Another close friend of Mark Garland’s, Nathan Warner, was also moved by Aubrey’s accomplishment and watching Jim hold the trophy. To this day, Warner is still close with Mark’s younger brother, Luke Garland. Also, Warner just happens to be the person who sold to the McCoys the hog that became this year’s grand champion.
“We’ve sold them hogs for a long time,” Warner said. “I’ve been close to both the McCoys and the Garlands. I’m good buddies with Luke and knew his older brother well.
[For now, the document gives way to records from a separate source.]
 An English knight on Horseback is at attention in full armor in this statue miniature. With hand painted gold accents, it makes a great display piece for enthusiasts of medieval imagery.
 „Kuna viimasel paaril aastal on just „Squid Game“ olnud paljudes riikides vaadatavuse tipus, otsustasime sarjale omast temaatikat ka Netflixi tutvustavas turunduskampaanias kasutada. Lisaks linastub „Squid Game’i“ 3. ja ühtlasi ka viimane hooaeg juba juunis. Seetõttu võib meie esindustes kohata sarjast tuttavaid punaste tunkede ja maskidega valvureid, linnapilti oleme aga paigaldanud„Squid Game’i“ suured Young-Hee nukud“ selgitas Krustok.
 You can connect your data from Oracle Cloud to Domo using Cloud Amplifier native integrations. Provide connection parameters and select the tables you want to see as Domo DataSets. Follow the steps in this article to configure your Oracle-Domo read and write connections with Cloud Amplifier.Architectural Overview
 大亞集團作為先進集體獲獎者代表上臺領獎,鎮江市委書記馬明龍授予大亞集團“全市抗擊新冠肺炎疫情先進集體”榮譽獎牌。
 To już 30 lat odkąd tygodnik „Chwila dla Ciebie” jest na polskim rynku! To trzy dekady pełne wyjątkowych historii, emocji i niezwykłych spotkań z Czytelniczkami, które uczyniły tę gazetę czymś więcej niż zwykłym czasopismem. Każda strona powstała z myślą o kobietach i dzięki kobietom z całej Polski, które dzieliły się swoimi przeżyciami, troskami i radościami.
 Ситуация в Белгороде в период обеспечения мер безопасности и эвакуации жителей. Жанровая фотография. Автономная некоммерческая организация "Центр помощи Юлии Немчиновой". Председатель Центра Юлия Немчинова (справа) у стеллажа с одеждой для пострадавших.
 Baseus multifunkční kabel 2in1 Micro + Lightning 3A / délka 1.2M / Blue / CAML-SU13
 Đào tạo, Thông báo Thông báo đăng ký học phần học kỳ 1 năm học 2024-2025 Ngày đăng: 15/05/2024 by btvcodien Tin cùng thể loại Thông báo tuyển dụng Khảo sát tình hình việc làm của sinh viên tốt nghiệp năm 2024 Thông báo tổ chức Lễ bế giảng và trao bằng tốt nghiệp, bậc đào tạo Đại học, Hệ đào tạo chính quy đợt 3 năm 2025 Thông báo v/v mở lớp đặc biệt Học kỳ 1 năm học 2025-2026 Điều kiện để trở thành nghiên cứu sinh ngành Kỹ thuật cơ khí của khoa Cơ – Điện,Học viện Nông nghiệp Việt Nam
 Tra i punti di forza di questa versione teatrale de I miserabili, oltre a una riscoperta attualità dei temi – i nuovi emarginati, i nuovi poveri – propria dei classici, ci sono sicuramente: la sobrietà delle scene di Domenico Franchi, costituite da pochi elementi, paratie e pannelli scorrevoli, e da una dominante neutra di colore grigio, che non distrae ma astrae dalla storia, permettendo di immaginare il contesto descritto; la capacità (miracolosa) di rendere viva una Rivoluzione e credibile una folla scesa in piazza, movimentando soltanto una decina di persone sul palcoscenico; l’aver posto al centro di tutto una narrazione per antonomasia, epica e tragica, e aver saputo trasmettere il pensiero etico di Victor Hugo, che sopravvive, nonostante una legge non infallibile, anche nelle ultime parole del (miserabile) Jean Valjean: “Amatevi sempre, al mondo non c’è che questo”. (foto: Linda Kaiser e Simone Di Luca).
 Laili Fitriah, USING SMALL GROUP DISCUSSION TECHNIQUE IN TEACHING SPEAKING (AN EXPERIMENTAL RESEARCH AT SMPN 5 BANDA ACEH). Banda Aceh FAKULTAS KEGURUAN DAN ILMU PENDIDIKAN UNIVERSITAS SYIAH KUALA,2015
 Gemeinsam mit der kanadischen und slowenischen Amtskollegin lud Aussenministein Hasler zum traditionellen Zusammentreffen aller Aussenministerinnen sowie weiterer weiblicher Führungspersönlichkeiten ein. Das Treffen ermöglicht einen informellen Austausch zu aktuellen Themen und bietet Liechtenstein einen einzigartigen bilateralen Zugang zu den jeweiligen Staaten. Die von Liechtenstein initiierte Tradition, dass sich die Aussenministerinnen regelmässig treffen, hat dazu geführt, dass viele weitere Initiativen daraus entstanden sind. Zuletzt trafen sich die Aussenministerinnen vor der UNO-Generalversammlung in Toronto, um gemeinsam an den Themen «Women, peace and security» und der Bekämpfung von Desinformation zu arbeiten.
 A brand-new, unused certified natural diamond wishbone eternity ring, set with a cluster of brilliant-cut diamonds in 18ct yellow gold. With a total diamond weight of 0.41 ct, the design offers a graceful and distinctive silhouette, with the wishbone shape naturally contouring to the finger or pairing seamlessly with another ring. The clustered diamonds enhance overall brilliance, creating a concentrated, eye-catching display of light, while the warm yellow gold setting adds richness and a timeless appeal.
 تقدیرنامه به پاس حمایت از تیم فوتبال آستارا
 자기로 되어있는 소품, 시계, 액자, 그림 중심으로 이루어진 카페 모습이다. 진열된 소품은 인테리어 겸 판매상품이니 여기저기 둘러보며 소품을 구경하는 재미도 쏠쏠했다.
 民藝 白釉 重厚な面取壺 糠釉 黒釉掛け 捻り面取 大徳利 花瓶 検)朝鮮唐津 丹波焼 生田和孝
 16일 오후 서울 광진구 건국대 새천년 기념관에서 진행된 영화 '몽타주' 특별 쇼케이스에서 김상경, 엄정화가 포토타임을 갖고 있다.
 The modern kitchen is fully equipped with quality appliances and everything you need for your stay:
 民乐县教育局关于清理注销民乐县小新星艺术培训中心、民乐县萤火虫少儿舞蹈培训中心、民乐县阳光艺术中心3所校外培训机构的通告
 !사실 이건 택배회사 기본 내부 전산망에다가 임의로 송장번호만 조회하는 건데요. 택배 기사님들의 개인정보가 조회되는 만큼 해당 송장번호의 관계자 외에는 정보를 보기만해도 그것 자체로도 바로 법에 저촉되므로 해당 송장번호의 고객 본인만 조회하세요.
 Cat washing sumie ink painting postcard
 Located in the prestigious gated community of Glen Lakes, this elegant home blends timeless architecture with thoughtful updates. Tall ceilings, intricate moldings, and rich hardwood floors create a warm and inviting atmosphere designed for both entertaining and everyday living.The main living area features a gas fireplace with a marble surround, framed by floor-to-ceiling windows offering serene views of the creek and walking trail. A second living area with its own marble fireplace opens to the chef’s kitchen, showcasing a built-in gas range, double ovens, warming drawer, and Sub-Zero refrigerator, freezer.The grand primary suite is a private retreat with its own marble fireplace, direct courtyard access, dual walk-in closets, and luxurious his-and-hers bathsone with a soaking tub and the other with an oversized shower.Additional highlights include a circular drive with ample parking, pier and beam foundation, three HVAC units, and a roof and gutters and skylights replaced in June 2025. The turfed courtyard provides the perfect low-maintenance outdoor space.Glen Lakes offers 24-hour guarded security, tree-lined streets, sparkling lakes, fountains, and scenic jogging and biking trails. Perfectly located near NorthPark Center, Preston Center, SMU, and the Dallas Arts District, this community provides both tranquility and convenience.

We made quite a few trips to visit Mark when he was at the Cleveland Clinic, when he had a lung transplant. I’m glad I knew him.”
Warner sent a message to Luke Garland the night of Aubrey’s victory.
“Makes me think back at why I chase this whole pig thing around and it all goes back to Mark and you,” Warner wrote. “Well today when we pictured the barrow after show, your dad brought out the grand trophy from the Mark Garland family. Man, I could’ve cried like a baby right on the spot. Feels like he is looking over us.”